Data records —
-*-*-

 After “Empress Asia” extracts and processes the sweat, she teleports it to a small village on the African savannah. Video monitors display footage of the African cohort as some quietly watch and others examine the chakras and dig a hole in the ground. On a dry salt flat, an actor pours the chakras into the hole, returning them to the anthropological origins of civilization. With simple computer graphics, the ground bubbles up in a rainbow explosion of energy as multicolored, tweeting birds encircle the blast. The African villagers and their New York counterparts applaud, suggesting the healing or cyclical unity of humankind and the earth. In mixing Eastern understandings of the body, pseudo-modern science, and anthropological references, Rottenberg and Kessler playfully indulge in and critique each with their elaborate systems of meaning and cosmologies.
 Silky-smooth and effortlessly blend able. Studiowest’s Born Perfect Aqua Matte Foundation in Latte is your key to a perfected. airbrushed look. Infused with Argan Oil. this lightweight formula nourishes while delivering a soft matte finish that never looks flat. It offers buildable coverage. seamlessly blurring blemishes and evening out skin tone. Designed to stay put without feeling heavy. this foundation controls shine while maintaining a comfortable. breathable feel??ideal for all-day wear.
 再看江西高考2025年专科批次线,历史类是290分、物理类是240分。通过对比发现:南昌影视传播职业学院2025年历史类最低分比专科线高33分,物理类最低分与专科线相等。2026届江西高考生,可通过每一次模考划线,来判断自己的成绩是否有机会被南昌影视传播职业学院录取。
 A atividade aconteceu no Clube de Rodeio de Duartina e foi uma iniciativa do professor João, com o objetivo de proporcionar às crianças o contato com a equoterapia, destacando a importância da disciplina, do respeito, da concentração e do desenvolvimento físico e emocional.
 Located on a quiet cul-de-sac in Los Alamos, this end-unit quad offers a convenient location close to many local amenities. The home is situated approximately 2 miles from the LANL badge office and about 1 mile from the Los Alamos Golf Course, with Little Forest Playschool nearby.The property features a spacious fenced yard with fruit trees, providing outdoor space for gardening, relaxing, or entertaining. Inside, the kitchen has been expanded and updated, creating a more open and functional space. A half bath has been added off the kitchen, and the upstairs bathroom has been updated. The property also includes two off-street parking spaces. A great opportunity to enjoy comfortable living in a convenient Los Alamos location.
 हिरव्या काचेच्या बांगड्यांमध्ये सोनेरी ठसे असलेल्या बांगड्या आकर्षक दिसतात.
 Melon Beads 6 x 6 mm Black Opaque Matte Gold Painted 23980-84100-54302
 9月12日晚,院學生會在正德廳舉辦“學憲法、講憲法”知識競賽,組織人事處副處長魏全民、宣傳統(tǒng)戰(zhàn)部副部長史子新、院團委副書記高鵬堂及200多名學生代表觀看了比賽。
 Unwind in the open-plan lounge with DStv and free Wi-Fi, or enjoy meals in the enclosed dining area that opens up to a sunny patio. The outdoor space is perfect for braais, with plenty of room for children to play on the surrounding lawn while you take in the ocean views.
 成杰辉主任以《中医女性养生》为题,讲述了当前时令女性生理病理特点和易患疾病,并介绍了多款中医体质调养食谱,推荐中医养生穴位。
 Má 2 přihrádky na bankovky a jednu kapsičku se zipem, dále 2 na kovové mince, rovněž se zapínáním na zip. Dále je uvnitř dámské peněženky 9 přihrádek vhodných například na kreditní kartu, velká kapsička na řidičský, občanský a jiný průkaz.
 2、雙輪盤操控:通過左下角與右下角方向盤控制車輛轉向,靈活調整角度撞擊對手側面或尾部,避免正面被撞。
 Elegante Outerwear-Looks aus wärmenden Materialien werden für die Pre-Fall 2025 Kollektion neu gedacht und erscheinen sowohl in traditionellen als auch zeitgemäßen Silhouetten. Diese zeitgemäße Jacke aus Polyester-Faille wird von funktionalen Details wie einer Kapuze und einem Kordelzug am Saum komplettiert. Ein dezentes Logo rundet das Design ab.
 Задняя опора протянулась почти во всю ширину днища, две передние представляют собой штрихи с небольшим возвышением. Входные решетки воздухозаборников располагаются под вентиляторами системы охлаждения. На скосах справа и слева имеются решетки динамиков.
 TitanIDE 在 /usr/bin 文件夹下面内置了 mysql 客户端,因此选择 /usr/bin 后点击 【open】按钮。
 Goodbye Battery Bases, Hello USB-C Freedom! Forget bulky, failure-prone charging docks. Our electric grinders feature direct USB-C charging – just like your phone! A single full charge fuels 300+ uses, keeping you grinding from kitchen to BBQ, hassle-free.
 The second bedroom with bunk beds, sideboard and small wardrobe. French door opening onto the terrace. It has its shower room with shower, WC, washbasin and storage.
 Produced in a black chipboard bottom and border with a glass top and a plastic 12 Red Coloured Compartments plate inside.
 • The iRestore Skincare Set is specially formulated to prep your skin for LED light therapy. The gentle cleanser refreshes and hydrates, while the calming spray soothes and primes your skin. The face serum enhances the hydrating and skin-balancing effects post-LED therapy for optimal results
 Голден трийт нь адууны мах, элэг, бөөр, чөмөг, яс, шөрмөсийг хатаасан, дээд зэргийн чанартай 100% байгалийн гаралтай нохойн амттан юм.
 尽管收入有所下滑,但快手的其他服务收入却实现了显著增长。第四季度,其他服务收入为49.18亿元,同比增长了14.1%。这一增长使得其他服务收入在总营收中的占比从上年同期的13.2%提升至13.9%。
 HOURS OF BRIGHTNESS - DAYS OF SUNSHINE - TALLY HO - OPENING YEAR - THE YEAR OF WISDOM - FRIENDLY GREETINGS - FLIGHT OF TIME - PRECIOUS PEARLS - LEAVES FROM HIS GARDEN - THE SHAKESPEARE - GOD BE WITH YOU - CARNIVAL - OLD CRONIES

-*-*-

THE TASK —
Retype each of the records, word for word, with nothing added or dropped.

RESPONSE TO THIS EXERCISE —
 After “Empress Asia” extracts and processes the sweat, she teleports it to a small village on the African savannah. Video monitors display footage of the African cohort as some quietly watch and others examine the chakras and dig a hole in the ground. On a dry salt flat, an actor pours the chakras into the hole, returning them to the anthropological origins of civilization. With simple computer graphics, the ground bubbles up in a rainbow explosion of energy as multicolored, tweeting birds encircle the blast. The African villagers and their New York counterparts applaud, suggesting the healing or cyclical unity of humankind and the earth. In mixing Eastern understandings of the body, pseudo-modern science, and anthropological references, Rottenberg and Kessler playfully indulge in and critique each with their elaborate systems of meaning and cosmologies.
 Silky-smooth and effortlessly blend able. Studiowest’s Born Perfect Aqua Matte Foundation in Latte is your key to a perfected. airbrushed look. Infused with Argan Oil. this lightweight formula nourishes while delivering a soft matte finish that never looks flat. It offers buildable coverage. seamlessly blurring blemishes and evening out skin tone. Designed to stay put without feeling heavy. this foundation controls shine while maintaining a comfortable. breathable feel??ideal for all-day wear.
 再看江西高考2025年专科批次线,历史类是290分、物理类是240分。通过对比发现:南昌影视传播职业学院2025年历史类最低分比专科线高33分,物理类最低分与专科线相等。2026届江西高考生,可通过每一次模考划线,来判断自己的成绩是否有机会被南昌影视传播职业学院录取。
 A atividade aconteceu no Clube de Rodeio de Duartina e foi uma iniciativa do professor João, com o objetivo de proporcionar às crianças o contato com a equoterapia, destacando a importância da disciplina, do respeito, da concentração e do desenvolvimento físico e emocional.
 Located on a quiet cul-de-sac in Los Alamos, this end-unit quad offers a convenient location close to many local amenities. The home is situated approximately 2 miles from the LANL badge office and about 1 mile from the Los Alamos Golf Course, with Little Forest Playschool nearby.The property features a spacious fenced yard with fruit trees, providing outdoor space for gardening, relaxing, or entertaining. Inside, the kitchen has been expanded and updated, creating a more open and functional space. A half bath has been added off the kitchen, and the upstairs bathroom has been updated. The property also includes two off-street parking spaces. A great opportunity to enjoy comfortable living in a convenient Los Alamos location.
 हिरव्या काचेच्या बांगड्यांमध्ये सोनेरी ठसे असलेल्या बांगड्या आकर्षक दिसतात.
 Melon Beads 6 x 6 mm Black Opaque Matte Gold Painted 23980-84100-54302
 9月12日晚,院學生會在正德廳舉辦“學憲法、講憲法”知識競賽,組織人事處副處長魏全民、宣傳統(tǒng)戰(zhàn)部副部長史子新、院團委副書記高鵬堂及200多名學生代表觀看了比賽。
 Unwind in the open-plan lounge with DStv and free Wi-Fi, or enjoy meals in the enclosed dining area that opens up to a sunny patio. The outdoor space is perfect for braais, with plenty of room for children to play on the surrounding lawn while you take in the ocean views.
 成杰辉主任以《中医女性养生》为题,讲述了当前时令女性生理病理特点和易患疾病,并介绍了多款中医体质调养食谱,推荐中医养生穴位。
 Má 2 přihrádky na bankovky a jednu kapsičku se zipem, dále 2 na kovové mince, rovněž se zapínáním na zip. Dále je uvnitř dámské peněženky 9 přihrádek vhodných například na kreditní kartu, velká kapsička na řidičský, občanský a jiný průkaz.
 2、雙輪盤操控:通過左下角與右下角方向盤控制車輛轉向,靈活調整角度撞擊對手側面或尾部,避免正面被撞。
 Elegante Outerwear-Looks aus wärmenden Materialien werden für die Pre-Fall 2025 Kollektion neu gedacht und erscheinen sowohl in traditionellen als auch zeitgemäßen Silhouetten. Diese zeitgemäße Jacke aus Polyester-Faille wird von funktionalen Details wie einer Kapuze und einem Kordelzug am Saum komplettiert. Ein dezentes Logo rundet das Design ab.
 Задняя опора протянулась почти во всю ширину днища, две передние представляют собой штрихи с небольшим возвышением. Входные решетки воздухозаборников располагаются под вентиляторами системы охлаждения. На скосах справа и слева имеются решетки динамиков.
 TitanIDE 在 /usr/bin 文件夹下面内置了 mysql 客户端,因此选择 /usr/bin 后点击 【open】按钮。
 Goodbye Battery Bases, Hello USB-C Freedom! Forget bulky, failure-prone charging docks. Our electric grinders feature direct USB-C charging – just like your phone! A single full charge fuels 300+ uses, keeping you grinding from kitchen to BBQ, hassle-free.
 The second bedroom with bunk beds, sideboard and small wardrobe. French door opening onto the terrace. It has its shower room with shower, WC, washbasin and storage.
 Produced in a black chipboard bottom and border with a glass top and a plastic 12 Red Coloured Compartments plate inside.
 • The iRestore Skincare Set is specially formulated to prep your skin for LED light therapy. The gentle cleanser refreshes and hydrates, while the calming spray soothes and primes your skin. The face serum enhances the hydrating and skin-balancing effects post-LED therapy for optimal results
 Голден трийт нь адууны мах, элэг, бөөр, чөмөг, яс, шөрмөсийг хатаасан, дээд зэргийн чанартай 100% байгалийн гаралтай нохойн амттан юм.
 尽管收入有所下滑,但快手的其他服务收入却实现了显著增长。第四季度,其他服务收入为49.18亿元,同比增长了14.1%。这一增长使得其他服务收入在总营收中的占比从上年同期的13.2%提升至13.9%。
 HOURS OF BRIGHTNESS - DAYS OF SUNSHINE - TALLY HO - OPENING YEAR - THE YEAR OF WISDOM - FRIENDLY GREETINGS - FLIGHT OF TIME - PRECIOUS PEARLS - LEAVES FROM HIS GARDEN - THE SHAKESPEARE - GOD BE WITH YOU - CARNIVAL - OLD CRONIES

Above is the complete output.